V- ESASIN BİÇİM YÖNÜNDEN İNCELENMESİ:

İşin esasına ilişkin rapor, Danıştay 12. Dairesinin başvurma kararı, iptali istenen Anayasa kuralı, ilgili Anayasa ve yasa hükümleri, bunlara ilişkin yasama belgeleri ve konu ile ilgili öteki metinler okunduktan sonra gereği görüşülüp düşünüldü:

1- “Yüksek Hâkimler Kurulu, adliye mahkemeleri hâkimlerinin özlük işleri hakkında kesin karar verir.” tümcesinin Anayasaya aykırılığı sorunu:

Biçim kurallarına ilişkin başlıca Anayasa hükümleri, Anayasanın 9., 155. ve bunun son fıkrasının yollamasiyle 85., 91. ve 92. maddelerinde yer almıştır.

a) Değişikliğin 9. madde yönünden incelenmesi:

“Yüksek Hâkimler Kurulu, adliye mahkemeleri hâkimlerinin özlük işleri hakkında kesin karar verir.” biçimindeki Anayasa hükmünün Cumhuriyetin temel niteliklerine ters düşüp düşmediği üzerinde durulmuş ve bu hükmün Anayasanın 9. maddesindeki yasaklayıcı kurala ters düşen bir yönü olmadığı, bu nedenle bu tümceye yönelik iptal isteminin reddi gerektiği sonucuna varılmıştır.
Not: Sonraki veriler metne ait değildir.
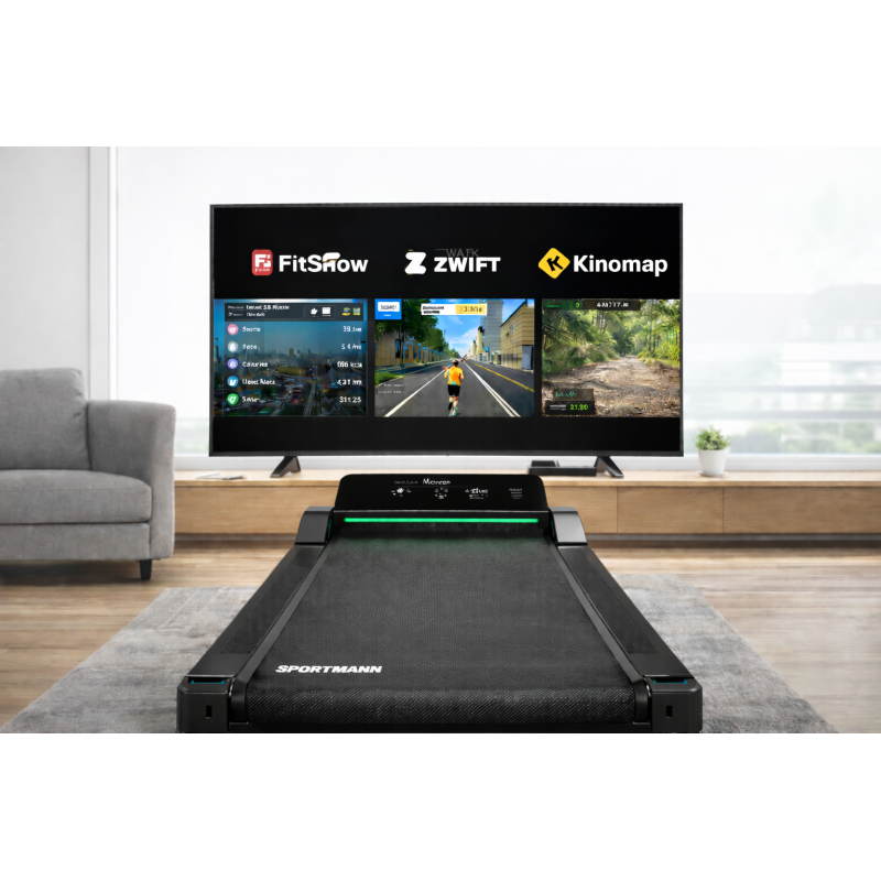 Conectivitatea este un alt punct forte al acestui model. Banda este echipată cu difuzor Bluetooth integrat și suportă conectarea la aplicații populare de fitness precum FitShow, Zwift și Kinomap, oferind antrenamente interactive și motivație suplimentară. Banda Sportmann Moveon este ușor de manevrat și depozitat, fiind ideală pentru spații restrânse.
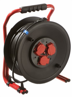 Trommelkörper aus extrem belastbarem vulkanisiertem Hartgummimaterial für härteste Beanspruchungen im professionellen Industrie- und Baustelleneinsatz. Äußerst schlagfest, öl-, fett- und benzinresistent, sehr gute Isolationseigenschaften, unzerbrechlich. Leicht und robust durch die Verwendung innovativster Materialien. Doppelrohrgestell, Bremse mit Sterngriff, ergonomischer Griff. Mit patentierter Leitungsführung.
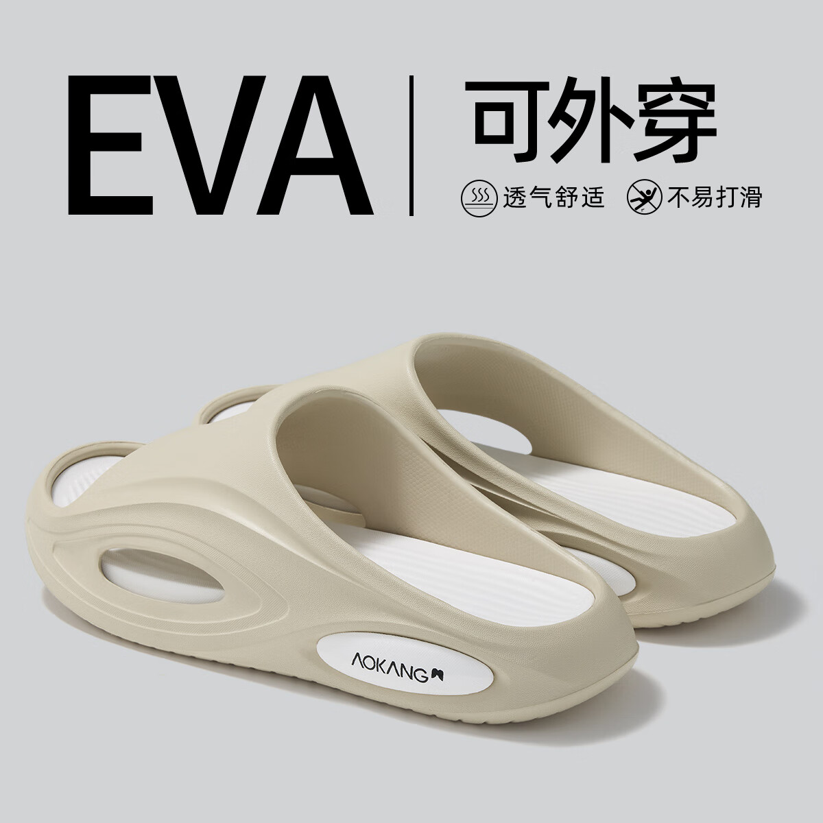 奥康运动拖鞋男士夏季外穿踩屎感厚底防滑防臭eva户外沙滩海边凉拖鞋 卡其 42-43

Konuya ilişkin gerekçe yukarıda günü ve sayısı gösterilen Anayasa Mahkemesi kararında açıklanmış olduğundan bunun burada yinelenmesine gerek görülmemiştir.

b) İtiraz konusu 144. maddenin, Anayasanın 155. maddesinin (İvedilik) dışındaki biçim kurallariyle 85., 91. ve 92. maddelerindeki biçim kurallarına uygun olarak oluşturulduğu ve bu maddelere aykırı bir yönü bulunmadığı yasama belgelerinin incelenmesinden anlaşılmıştır.

c) Değişikliğin İvedilik yöntemi yönünden incelenmesi:

Anayasanın 155. maddesinde “Anayasanın değiştirilmesi hakkındaki teklifler ivedilikle görüşülemez” hükmü yer almıştır. İvedilikle görüşme yasağının öncelikle görüşmeyi kapsayıp kapsamadığı üzerinde durulmuş, 155. maddedeki ivedilik koşulunun önceliği kapsamadığı, bu itibarla öncelikle görüşmenin Anayasanın 155. maddesine aykırı bir yönü olmadığı sonucuna varılmıştır. Buna ilişkin gerekçe 7.1.1977 günlü, Esas: 1976/43, Karar: 1977/4 sayılı kararın “Öncelikle görüşme sorunu” başlığı altındaki (A) bendinde açıklanmış olduğundan burada yinelenmesine gerek görülmemiştir.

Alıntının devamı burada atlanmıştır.